Если обратиться к тексту романа, то можно выделить в повествовании ситуации и положения сродни анекдотическим.
Многие из них напоминают фольклорное повествование, такова история про Навана Чингиза, который украл вола у богача Шаралдая, привязав передние ноги к телеге, а на задние надев сапоги. Плутовская проделка не только забавна, но и усилена мотивом двойного одурачивания богача, свойственным сказкам: когда Шаралдай стал искать по следам обладателя сапог, выяснилось, что они принадлежат его родной дочери.
Как известно, в бурятском фольклоре выделяется группа сказок с сюжетом о ловком воре, исследователь Б-Х. Цыбикова пишет о наличии 15 вариантов этого сюжета. В данном случае ситуация восходит именно к этой традиции.
Драматична юмористическая сценка, где показано плутовство Загды – непременного участника всех ситуаций народного сборища, гуляния, праздника, которые неоднократно осваиваются в романе. Он организатор игры на интерес, и его природа игрока-обманщика выразительно передается и в такой детали, как длинные рукава, куда в нужный момент спора перетекают деньги: «Тиибэшье тэрэнэй ута хамсы амидыршоод байгаа hэн. Арhан тулам доторhо хулуугдаhан мүнгэн hөөргөө сугларшаба түхэлтэй» (Его длинные рукава снова ожили. Деньги, украденные из кожаного мешочка, вернулись обратно).
Образы героев – хитрецов также восходят к традиции, в бурятских бытовых сказках сюжеты о проделках хитрецов были широко распространены, исследователи насчитывают около 40 вариантов.
Триумф Загды, так же как и его крах, вызывает беззлобную усмешку повествователя: «Яhан hээр дундуураа хоер боложо, шанагын шэнээн толгойнь хиидэн, Загдын магнайда сэхэ буушаба. Баяр энеэдэнhээ боложо, уhаташоод байhан тэрэнэй нюдэндэ улаан гал сахилхадал гээд, аргаахан газар шарлажа, Хан-Уула хэлбэлзэхэдэл гээ hэн» (Кость, разбилась под ударом надвое, и позвонок, величиной с ковш, прилетел прямо в лоб Загде. В его глазах, блестевших и еще влажных от радости и смеха, словно сверкнула молния, и на мгновение почудилось, что гора Хан-Уула покачнулась).
Повествователь, стоящий на позиции наблюдателя, позволяет себе и поиронизировать над горе-игроком: «Гурбан үдэр газаа зогсожо, хэлэн дээрээ унда хэхэ сүлөөгүй, пүүнтэ пүүнтээр олоhон зөөриеэ гансата пүүдээр алдахада ямар байлтайб!» (Каково три дня простоять на улице, не имея времени даже попить воды, по фунту-фунтику накопить добро и упустить целым пудом зараз!).
Эта комичная сценка необходимо дополняет картину полной, избыточной народной жизни.

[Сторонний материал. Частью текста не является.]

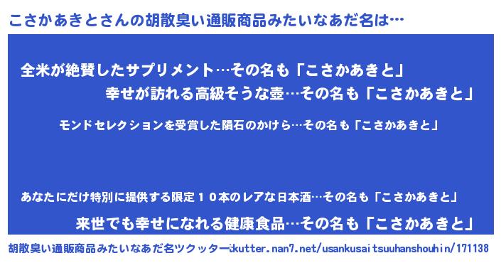 | 男性向けラノベタイトル風あだ名 | 『ノーゲーム・ノーコサカアキト』 |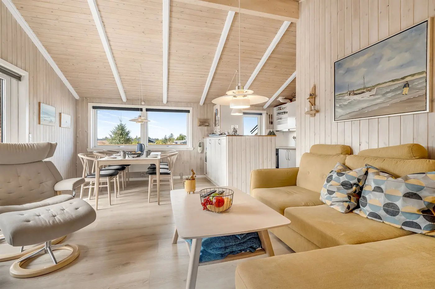 Im schönen Vorupør, in einer ruhigen Straße, liegt dieses nette Ferienhaus. Das Haus verfügt über eine große, teilweise überdachte Terrassenfläche, die das Haus umgibt. Außerdem gibt es eine schöne Wohnküche, in dem ihr u. a. gemütliche Abende vor dem Kaminofen verbringen könnt.
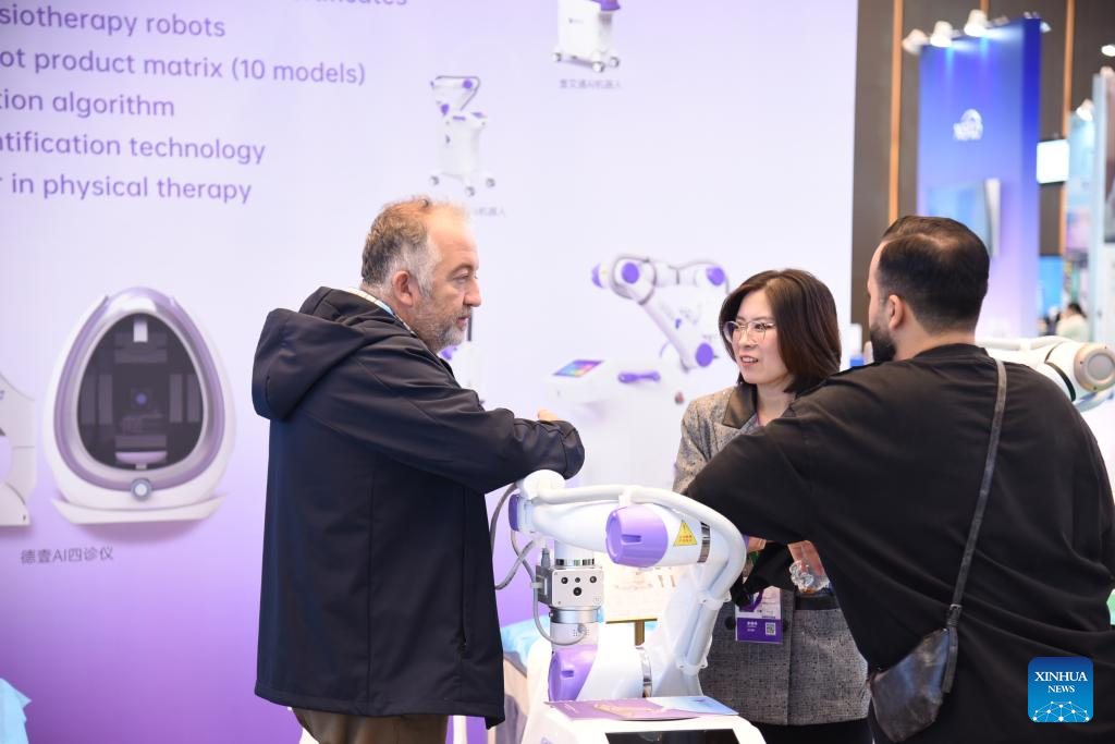 Buyers learn about an intelligent medical equipment during the 138th edition of the China Import and Export Fair in Guangzhou, south China's Guangdong Province, Nov. 4, 2025. The 138th Canton Fair, known officially as the China Import and Export Fair, came to a close on Tuesday in Guangzhou, the capital city of south China's Guangdong Province, having seen a record number of overseas buyers attend. (Xinhua/Hong Zehua)

В изображении обмана Загды в данном случае нет острой сатиричности, которая появляется при изображении богачей и ноенов. В их изображении очень сильны фольклорные принципы, усилены и подчёркнуты такие отрицательные черты, как глупость и жадность.
В комических ситуациях с сатирической направленностью сила обличения и осмеяния доходит до максимума. Так изображен, к примеру, богач Намдак, чья мелочность и ограниченность становятся объектом сатиры. Самые потайные, интимные сферы его существования безжалостно открываются повествователем на всеобщее обозрение. Порой переходя грань и приближаясь к натуралистическому изображению, повествователь не случайно акцентирует свое внимание на физиологической стороне бытия своего героя, ибо для него всякая духовная сфера невозможна принципиально.